Un système surveillance jugé « Excessif et intrusif » de l'activité et des performances de salariés affectés à la logistique, voilà résumés les griefs de la CNIL qui l'ont conduite à infliger une amende de 32 millions d'euros à Amazon France.
Des missions de contrôle avaient été effectuées à la suite de plaintes de salariés des entrepôts d'Amazon et d'articles de presse. Dans son bilan, la Commission Nationale de l’Informatique et des Libertés s'est émue du suivi très précis et constant des tâches effectuées par les manutentionnaires sur les chaines de stockage des articles et de préparation des commandes ainsi que du délai de rétention des données individuelles.
Trois indicateurs de performances ont été jugés illégaux. Le premier, surnommé « Stow Machine Gun » en interne, s'appuie sur l'utilisation du scanner pour identifier les articles. Lorsqu'un salarié scanne un produit en moins de 1,25 seconde après le précédent, une erreur est consignée. Pour Amazon, ce délai est jugé trop court et potentiellement source d'erreur dans la manipulation.
Le deuxième indicateur, dit « idle time », signale des périodes d'interruption du scanner (et donc de celui qui le manipule) de 10 minutes ou plus. Quant au troisième indicateur, « temps de latence inférieurs à dix minutes », comme son nom l'indique, il alerte sur une inactivité du scanner entre 1 à 10 minutes.
Sans remettre en cause la nécessité pour Amazon de pouvoir surveiller précisément les flux et les opérations au sein de ses entrepôts, la CNIL considère ce suivi de l'activité du salarié, quasiment à la seconde près, « excessivement intrusif ». Tout comme l'est le mois entier durant lequel ces données issues des scanners sont conservées. Pour la CNIL, les objectifs de qualité d'Amazon peuvent être remplis avec une rétention hebdomadaire.
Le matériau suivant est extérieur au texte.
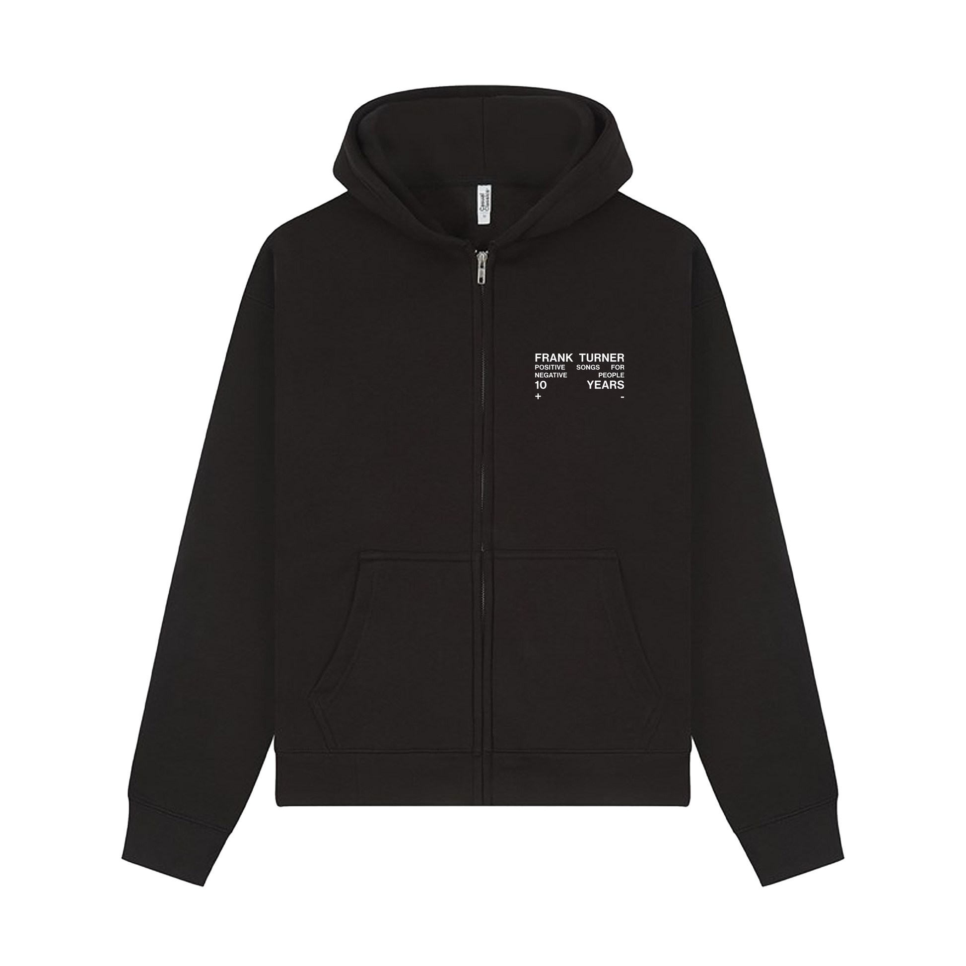 10th Anniversary 'Positive Songs for Negative People' Album Zip Hoodie – printed on classic black tee.
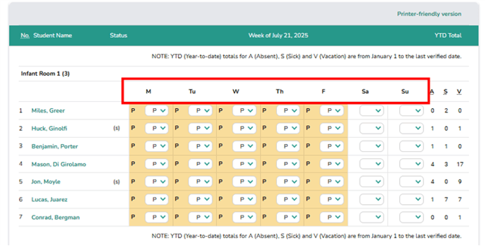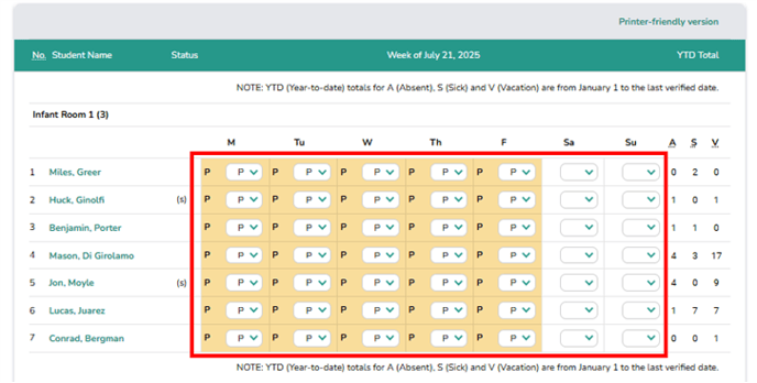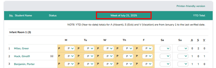 - Select the day up to which you want to verify attendance (e.g., Friday)
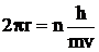 Considerand miscarea electronului in jurul nucleului dupa o traiectorie circulara si admitand ca in deplasarea sa i se asociaza o unda stationara, lungimea de unda a undei asociate trebuie sa aiba o anumita valoare incat distanta parcursa 2pr, sa fie un multiplu intreg n al lungimii de unda de Broglie (fig. 8):
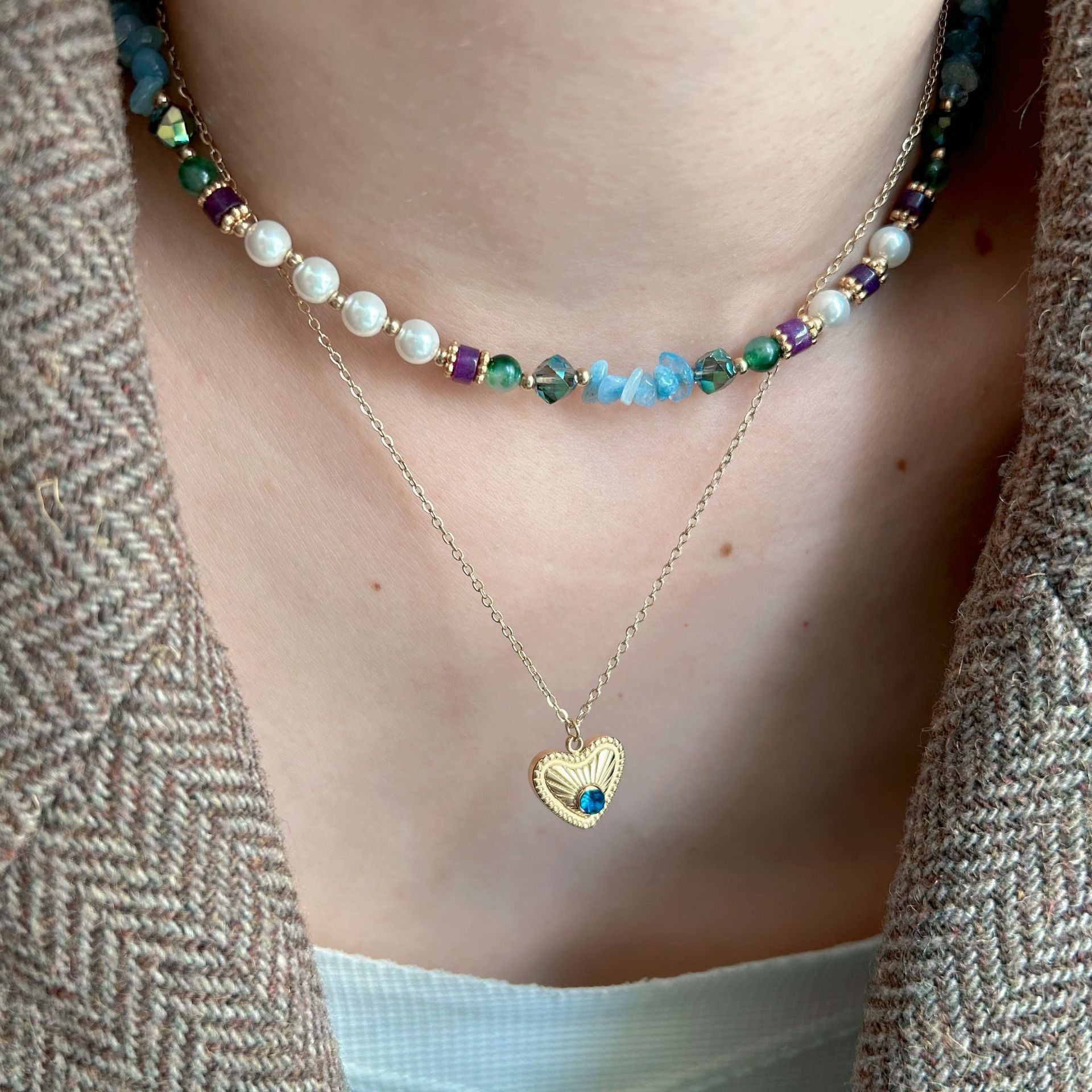 Wholesale versatile love necklace natural stone beaded stainless steel necklace

À ces constats, la Cnil en a ajouté d'autres : un manque d'information, par voie d'affichage notamment, des salariés et des visiteurs extérieurs quant à la vidéosurveillance dont ils font l'objet ; une trop faible sécurisation du logiciel de vidéosurveillance avec un mot de passe jugé trop peu robuste et partagé entre plusieurs utilisateurs :
Ce cumul de défauts de sécurité rend la traçabilité des accès aux images vidéo, ainsi que l’identification de chaque personne ayant effectué des actions sur le logiciel, plus difficiles.
La Cnil a donc décidé d'une amende équivalente à environ 3 % du chiffre d'affaires de l'entreprise en France, sur un maximum possible de 4 %. Amazon, en réponse, s'est dit en « profond désaccord » avec les conclusions du gendarme français de la vie privée et n'exclut pas de faire appel. Dans son communiqué, le groupe justifie son mode de fonctionnement dans ses entrepôts, tout en procédant à des modifications.
À propos du « Stow Machine Gun » il s'agit de veiller à ce que « Chaque article soit correctement inspecté avant d'être stocké, et ce afin de garantir que nos clients reçoivent le produit qu'ils ont commandé dans l'état auquel ils s'attendent […] Il est en effet important que les salariés prennent le temps nécessaire pour inspecter correctement chaque article avant de l’entreposer, et de le faire dans le respect des consignes de sécurité, notamment en adoptant les bonnes postures », écrit Amazon. S'agissant de l'indicateur « idle time », il aiderait à repérer une « défaillance continue et anormale » dans la chaine, qu'il s'agisse d'un dysfonctionnement technique ou d'un accident du salarié.
Néanmoins, Amazon, suivant les observations de la CNIL, va désactiver le premier indicateur et passer le seuil de déclenchement du second de 10 à 30 minutes.